**Exercise description**
Only the lines from the one containing "A leaf left" to the end of the records belong in the copy. Reproduce them word for word and drop the pictures.
== Segment start ==
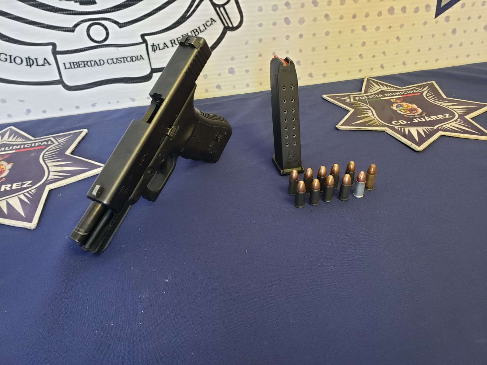 Juárez.- Agentes de la Secretaría de Seguridad Pública Municipal realizaron el arresto de Jesús Alberto P. G. y un adolescente de 17 años, por su presunta responsabilidad en la comisión de delitos contra la ley federal de armas de fuego y explosivos.
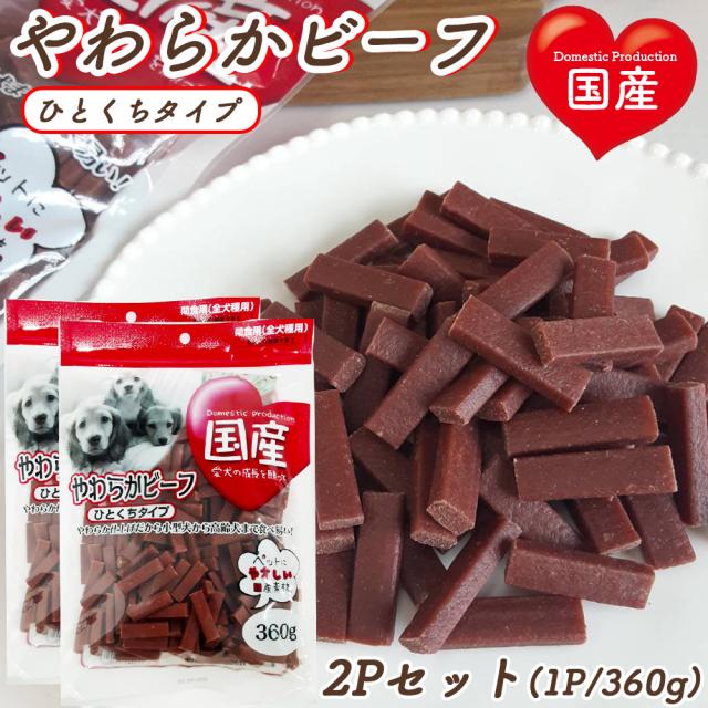 ジャーキー 犬 おやつ やわらかビーフ ひとくちタイプ 2P (1P/360g) 送料無料 全犬種用 犬用おやつ ドッグフード ペットフード 乾燥肉 国産素材使用 国産 【ITFC】 MLD-mp0018
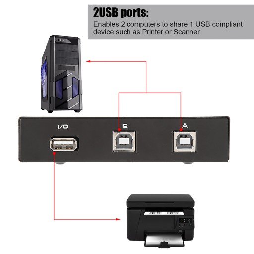 1、With 2/4 USB ports, it enables 2/4 computers to share 1 USB compliant device such as Printer or Scanner 2、It is convenient to switch, just press the relative button. No additional software 3、Standard USB2.0 port, with fast data transfer, and backward compatible with USB1.1 4、The adaptor is no need of external power 5、Compatible with: for Windows 98, Me, 2000, XP, for MAC, MAC 10 systems
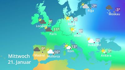 Wo gibt es schönes Wetter in Europa? Dieses Video zeigt die großflächige Temperaturverteilung in Europa als Prognose für einen Zeitraum von 10 Tagen. Hitzewellen und Kälteeinbrüche in Europa werden sichtbar und es zeigt sich, ob diese Deutschland erreichen, oder nicht. Wettersymbole und Temperaturen werden für die folgenden Städte dargestellt: Madrid (Spanien), Paris (Frankreich), London (England), Rom (Italien), Berlin (Deutschland), Wien (Österreich), Ankara (Türkei), Riga (Lettland) und Moskau (Russland). Somit vermittelt das Video einen Überblick über das Wetter in Europa für mehr als eine Woche, inklusive Wochenende. Prognose vom 19. Januar 2026 um 00:30 Uhr
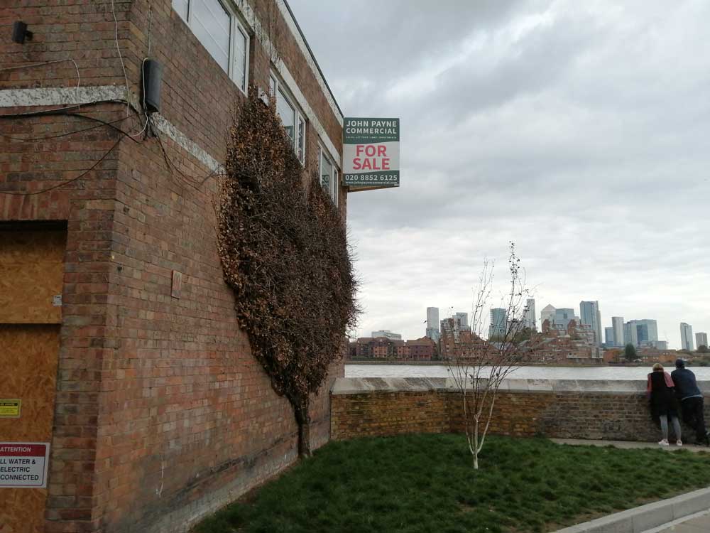 A leaf left hanging by The Rover Thames, Greenwich, London SE8, October 2020
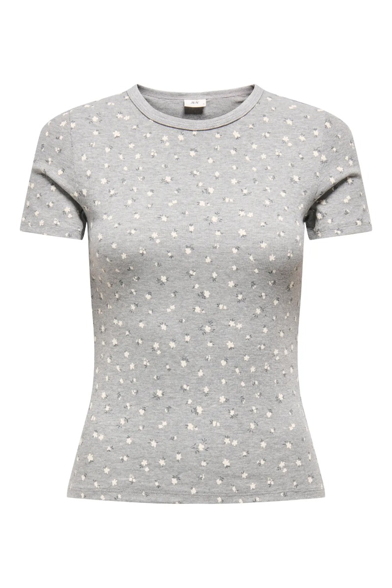 JDY - T-shirt - Lucky S/S O-Neck Top - Light Grey Melange/Soft Flower
== Segment end ==
**Your solution**
 A leaf left hanging by The Rover Thames, Greenwich, London SE8, October 2020
 JDY - T-shirt - Lucky S/S O-Neck Top - Light Grey Melange/Soft Flower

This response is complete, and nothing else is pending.